The Chamber of the Felines extends for roughly 25 meters, along which
André Glory counted more than 80 figures. Of the 51 animal figures in
this gallery, the horse is the dominant species, with twenty-nine
representations, followed by nine bison, four ibexes and three stags.
There are no aurochs. Images of felines are more present here, with six
depictions, than in the rest of the cave.
On a wall space of some thirty square meters, and an average ceiling height of
3.5 meters, the Apse contains over a thousand figures. They include nearly 500
animals and 600 geometric signs or lines. They appear on the walls and ceiling,
and with no interruption. Their density increases at the entrance at the far end,
and reaches its peak in the Apsidiole, which is located at the base of the Shaft
in the farthest part of this gallery.

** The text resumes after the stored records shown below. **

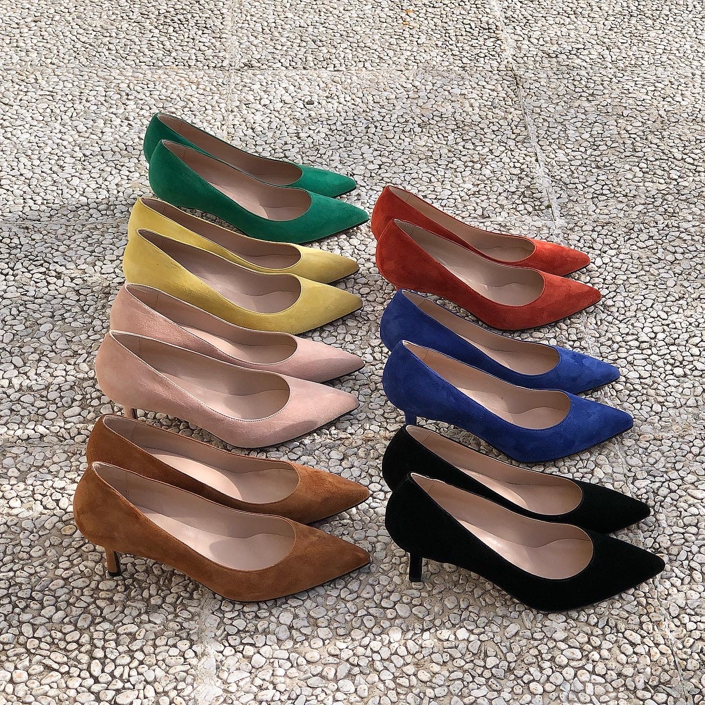 Suède pump met platte teen en hak van 6 cm.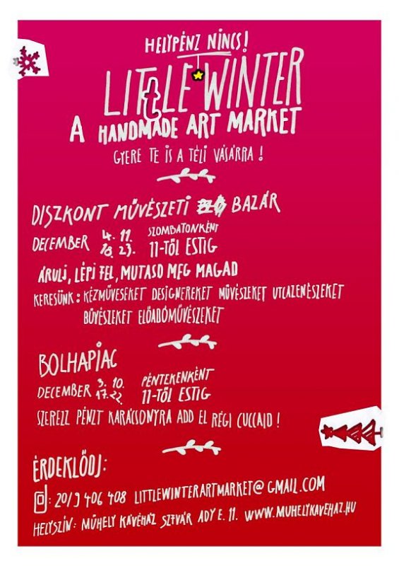 December 3. és 23. között várják az érdeklődőket Székesfehérváron, a Műhely Kávéház belső kertjében, ugyanis idén először rendezik meg a rendhagyó karácsonyi vásár, a Little Winter Art Market. A kezdeményezés Juhász Tibor festőművésztől és feleségétől származik, lényege pedig, hogy bemutatkozási lehetőséget nyújtson a fiatal művészeknek és designereknek, úgy, hogy mindemellett a hagyományos kézműves termékeket is megtalálja a vásárló - ráadásul mindezt minél olcsóbban.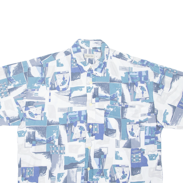 HAPPY LIFE Mens Shirt White Crazy Pattern L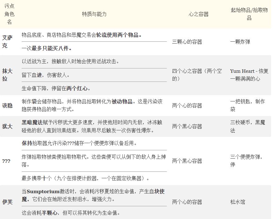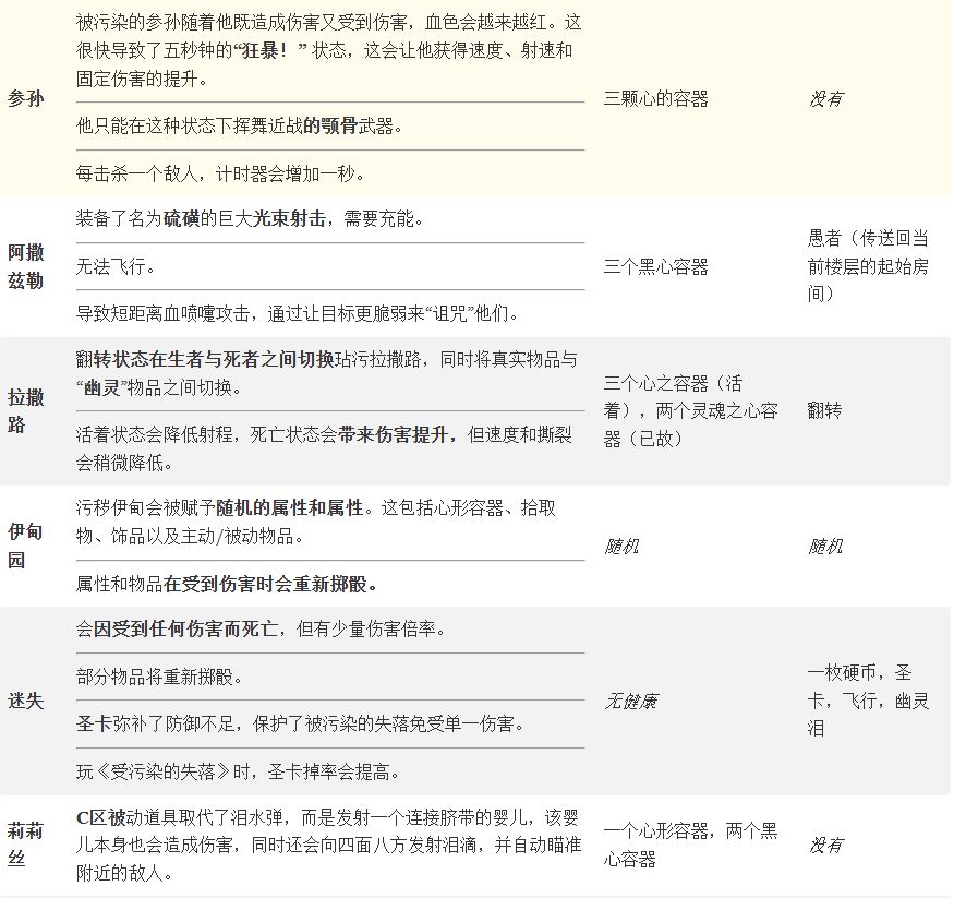 可以肯定地说,《以撒的结合:忏悔》对游戏做出了重大改动,同时加入了大量内容。其中一个新增内容是污点角色。这些角色本身就是独立的角色,通过击败特定Boss会用便签填充。

The very soft limestone surface provides a
partial explanation for such a graphic outpouring.
In contrast to the preceding sectors – the Apse, the Passageway
and the Hall of the Bulls – the Shaft contains only a limited
number of figures: eight in all. Four are figures of animals (a
horse, a bison, a bird and a rhinoceros) and three others are
geometric shapes (dots and hooks). In the centre of the
composition, the eye is drawn to a human figure.